Since proteins with great structural complexity are on the rise, it is pressing to update the structural domain databases and improve the performance of the off-the-shelf algorithms or develop new ones. The SCOP15 and CATH16 databases are the gold standards17 and often regarded as the data sets for comparing and evaluating different algorithms. But the update cycle of structural domain databases is long in general. And some divergences exist among different domain databases, since the experts and methods usually make different domain assignments based on their own understanding of structural domain.

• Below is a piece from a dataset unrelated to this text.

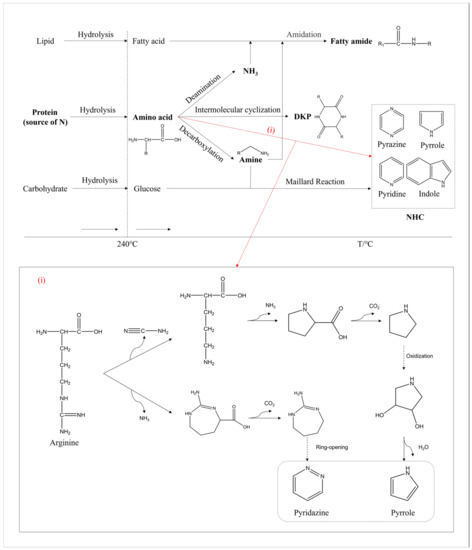 As shown in Figure 12, a pathway map of nitrogen during HTL was further improved based on our previous study [8]. The hydrolysis of macromolecules occurred at a relatively low temperature. Lipids decomposed into glycerol and fatty acids, while proteins decomposed into amino acids and carbohydrates decomposed into monosaccharides such as glucose [41]. Upon increasing the temperature, some amino acids formed into ammonia through deamination, some into DKPs via the intermolecular formation of cyclization, and some into amines through decarboxylation [42,43]. Afterwards, the amidation reaction occurred when ammonia or amines reacted with fatty acids to form amides. Additionally, the Maillard reaction between amine and glucose produced NHCs such as pyridines and indoles.

Many automatic algorithms are constantly emerging to identify domains18 as correctly as possible and exactly annotate the structures of new proteins. PDP19 is mainly based on the assumptions of domain compactness. When the structure of a protein is not compact enough, it splits proteins into two domains illogically. DomainParser20,21 is based on graph theory and finds the minimal cut through domain interfaces, but rarely splits secondary structure elements between domains. Even it misses small domains or domains with low secondary structure ratio. PUU22 hypothesizes the domain is an autonomously folding unit, so that usually identifies more domains than experts. DDOMAIN22 maximizes the intra-domain contacts on a normalized contact-based domain-domain interaction profile. Its limitations is the assumption that each structural domain is a continuous segment, but some domains are consisted of some different segments. CA23 and SS23 algorithms, based on the alpha-carbon atoms and secondary structure elements respectively, use the average-linkage clustering algorithm to attain a dendrogram, then assign domains by cutting it. They are simple and fast, but neglect the spatially structural properties of domains.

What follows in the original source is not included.